#### [What this task involves]
Pull out of the data below the stretch of lines bounded by the one containing "02 iyul 2015-ci" and the one containing "Graduates of 6B", both bounds included, unchanged.

#### [Data to use]

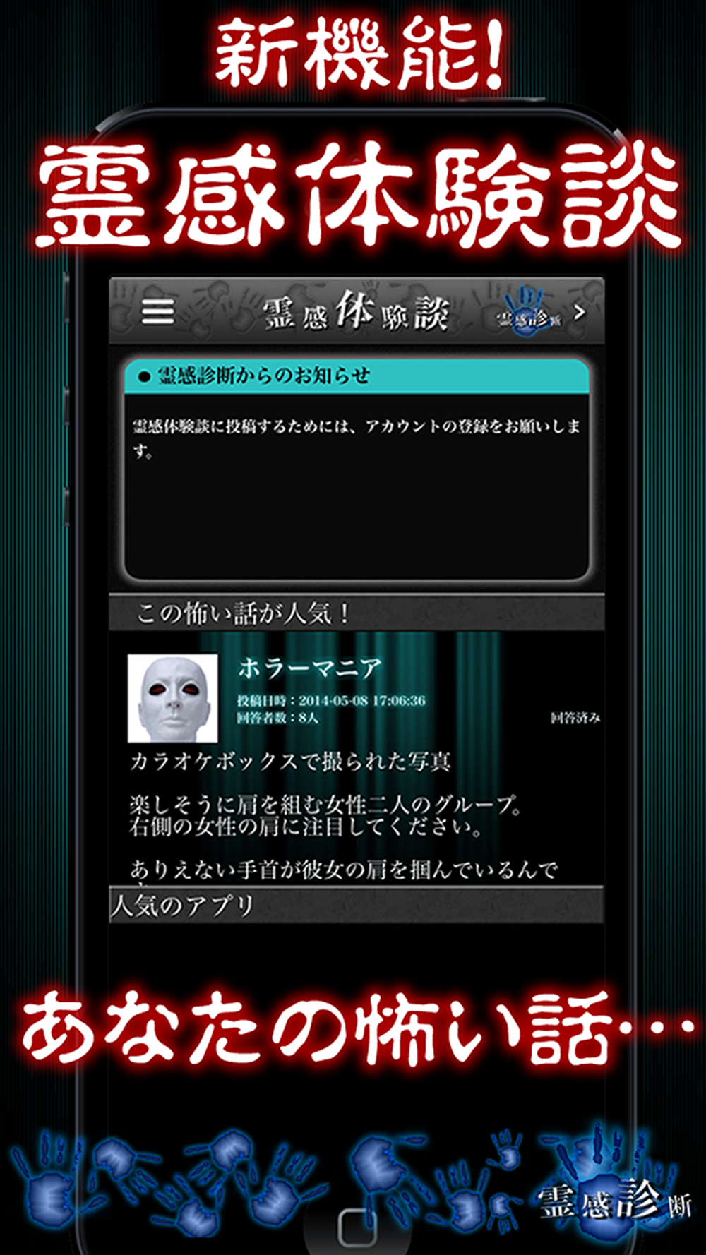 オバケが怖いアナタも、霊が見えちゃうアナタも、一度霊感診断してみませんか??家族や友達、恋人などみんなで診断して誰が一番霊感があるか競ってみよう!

* * *

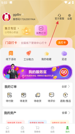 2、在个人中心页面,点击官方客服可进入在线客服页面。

---

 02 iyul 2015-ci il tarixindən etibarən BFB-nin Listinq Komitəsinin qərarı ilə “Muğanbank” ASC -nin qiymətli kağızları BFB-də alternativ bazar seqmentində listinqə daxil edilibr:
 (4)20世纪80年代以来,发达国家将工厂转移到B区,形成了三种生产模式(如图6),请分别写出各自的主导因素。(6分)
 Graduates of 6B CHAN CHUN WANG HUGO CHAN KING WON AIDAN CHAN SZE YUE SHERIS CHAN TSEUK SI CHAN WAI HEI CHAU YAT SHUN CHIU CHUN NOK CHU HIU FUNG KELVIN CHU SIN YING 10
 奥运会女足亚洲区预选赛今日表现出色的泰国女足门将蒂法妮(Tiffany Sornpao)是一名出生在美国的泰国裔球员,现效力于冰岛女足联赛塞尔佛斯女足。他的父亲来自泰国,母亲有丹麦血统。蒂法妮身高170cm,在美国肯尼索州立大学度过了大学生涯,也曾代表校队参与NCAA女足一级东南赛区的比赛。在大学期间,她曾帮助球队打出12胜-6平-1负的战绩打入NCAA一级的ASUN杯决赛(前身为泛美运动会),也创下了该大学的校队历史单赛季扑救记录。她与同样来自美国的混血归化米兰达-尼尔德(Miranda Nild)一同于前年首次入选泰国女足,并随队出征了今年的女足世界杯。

#### [Solution below]
 02 iyul 2015-ci il tarixindən etibarən BFB-nin Listinq Komitəsinin qərarı ilə “Muğanbank” ASC -nin qiymətli kağızları BFB-də alternativ bazar seqmentində listinqə daxil edilibr:
 (4)20世纪80年代以来,发达国家将工厂转移到B区,形成了三种生产模式(如图6),请分别写出各自的主导因素。(6分)
 Graduates of 6B CHAN CHUN WANG HUGO CHAN KING WON AIDAN CHAN SZE YUE SHERIS CHAN TSEUK SI CHAN WAI HEI CHAU YAT SHUN CHIU CHUN NOK CHU HIU FUNG KELVIN CHU SIN YING 10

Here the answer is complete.